Трудно было предположить, что визитная карточка и Ёко до сих пор в зоопарке. Ну а вдруг? Да и никакой другой цели у меня не было, вот я и не мог заставить себя уйти. Несколько раз начинала кружиться голова, и я вынужден был останавливаться. С утра я ничего не ел и, видя, как дети набивают рот рисовыми колобками, почувствовал себя несчастным.
Пестрый людской поток постепенно редел. Мусорные ящики, указатели, скамейки выцветали, точно выброшенные на берег сухие ракушки. Я уселся на вытоптанном газоне, обхватив руками колени.
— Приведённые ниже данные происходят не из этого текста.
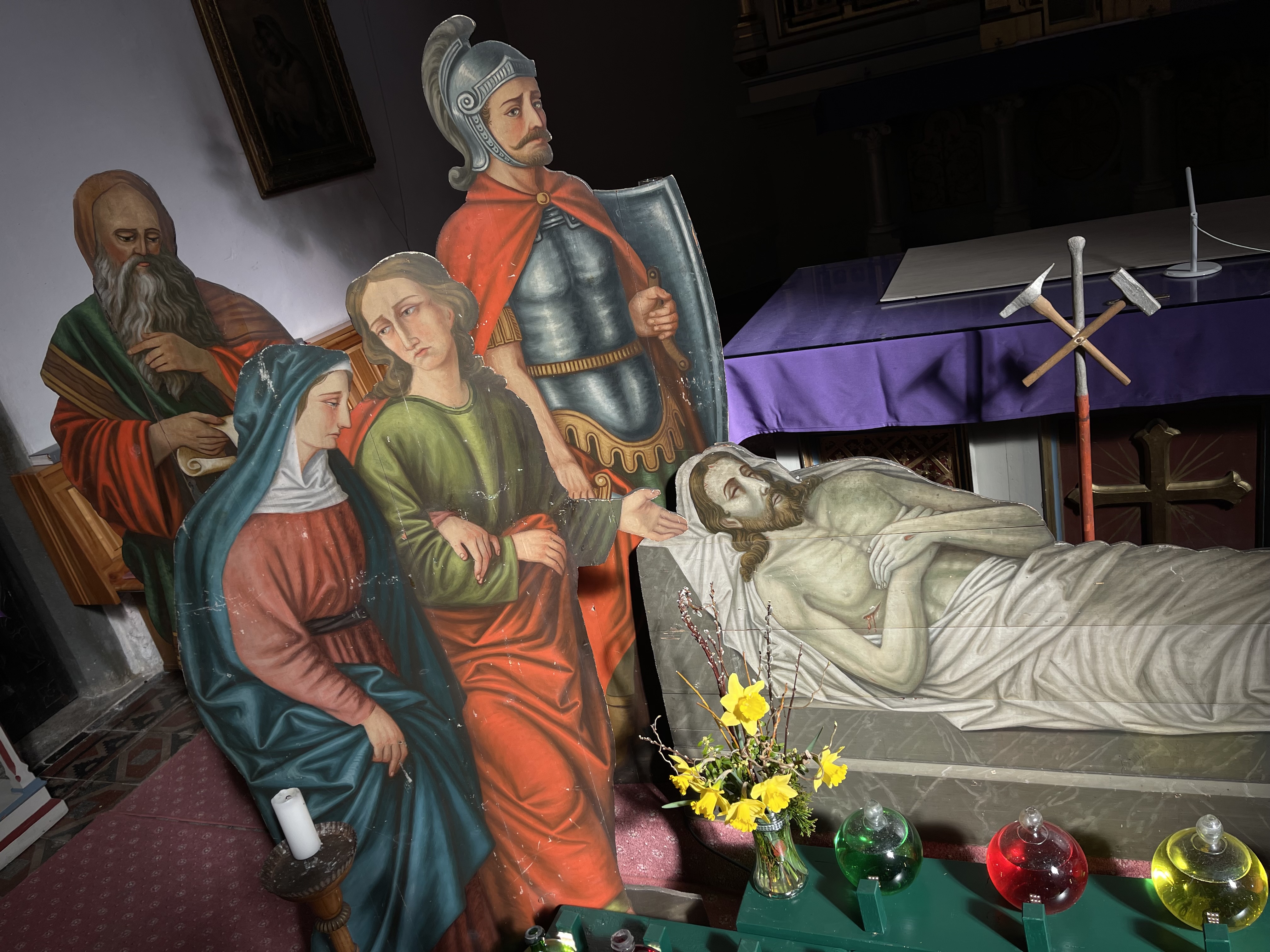 Ab Gründonnerstag ist auch das historische Heilige Grab (19.Jh), das Tiroler Franziskaner nach Bruckmühl gebracht haben, wieder im Chorraum aufgestellt. Die Liturgie des Karfreitag um 19 Uhr mit Pfarrer em. Konrad Enzenhofer wird von der Kantorei Bruckmühl feierlich mitgestaltet.
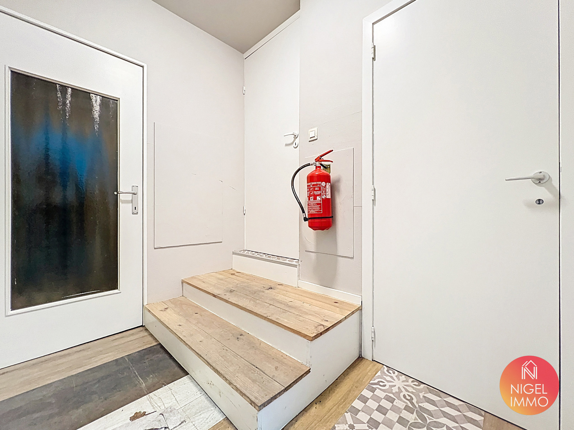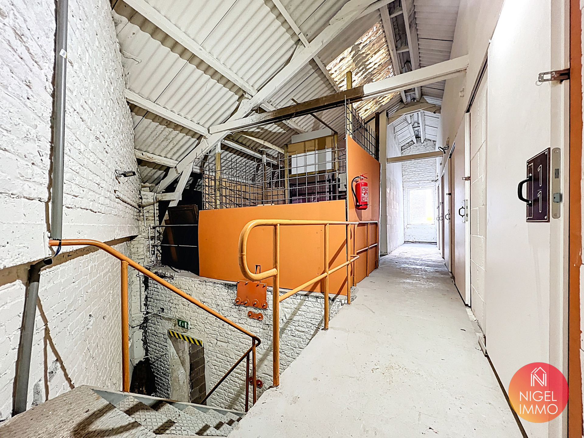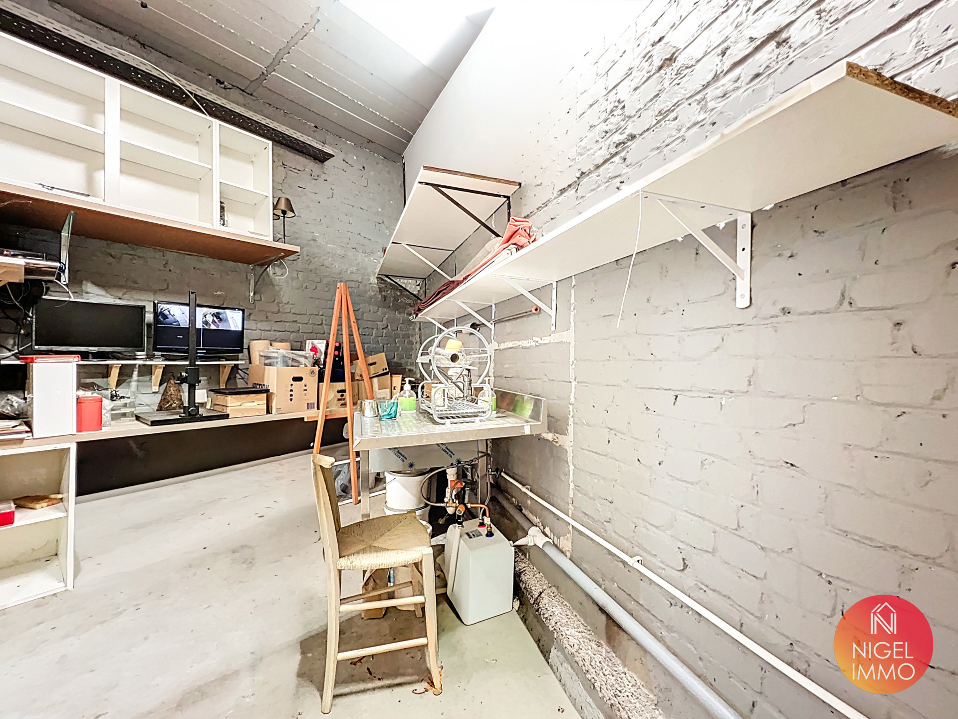 📍 À l’étage et accessible via un élévateur supportant des charges jusque 300 kg ou via escalier :

Вдруг прямо перед собой я увидел скамейку. На ней, тесно прижавшись друг к другу, сидели молодые мужчина и женщина. Это были визитная карточка и Ёко. Странно, совершенно необъяснимо, как визитной карточке, обыкновенному кусочку бумаги, удавалось казаться человеком. Собрав нервы в кулак, я весь сосредоточился на этом крохотном пространстве — все остальное, будто став прозрачным, уплыло из моего поля зрения — и, тихо подкравшись, услышал их разговор.
— И все же, — говорила Ёко, — люди, возможно, скажут о нас, что мы совершили падение, что в наших отношениях есть нечто неестественное.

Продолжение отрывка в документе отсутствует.